4.10.06

My grandpa visiting

Today, my grandfather visited me once again. He was talking about need to do more things together and how we haven't had much time for each other during 18 years of my life (actually I met him for the first time when I was eleven, when I wanted to get to know him, being told to find him in the phonebook - perhaps a bit weird, but interpersonal relationships tend to be complicated and no need to solve it anymore, it's just deep dark past...) .
He's coming from time to time, with the same request - to do something together. We always do something and then there's always a long period of nothing... The fault may be on both sides.
My "problem" is that I don't feel very attracted by that what we should make together. It may be both by the stuff he dedicates himself to (e.g. I feel much more in common with my grandma) and also by his style of expression (he tends to speak in looooooong monologues).
But as he often reminds me, one day, he won't be there anymore and I may be willing to learn from his wisdom (and there's a lot of it).

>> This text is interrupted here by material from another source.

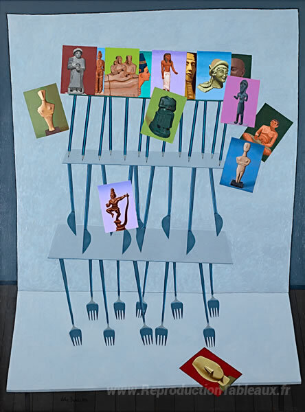 Nous vous proposons une reproduction artisanale sur toile du célèbre tableau 'Des souvenirs' de John Brack, provenant du Musée de la Reproduction.

But nowadays I don't really feel that way (or at least, not most of time - it's fine to talk to him once in a while, but for me it's just enough).
Maybe I'll never miss him (thinking about how inconsiderate I sometimes am - especially now, when I'm reading the post once again...), maybe I should find my way to him and maybe I should do something with him just because of that he's my grandpa.
Why everything is so difficult??? As I know myself, I'll let my feelings decide - as always, when it's important; and I may regret it later (as it's happened many times before).
And thanks to Cherry for inspiring me to think.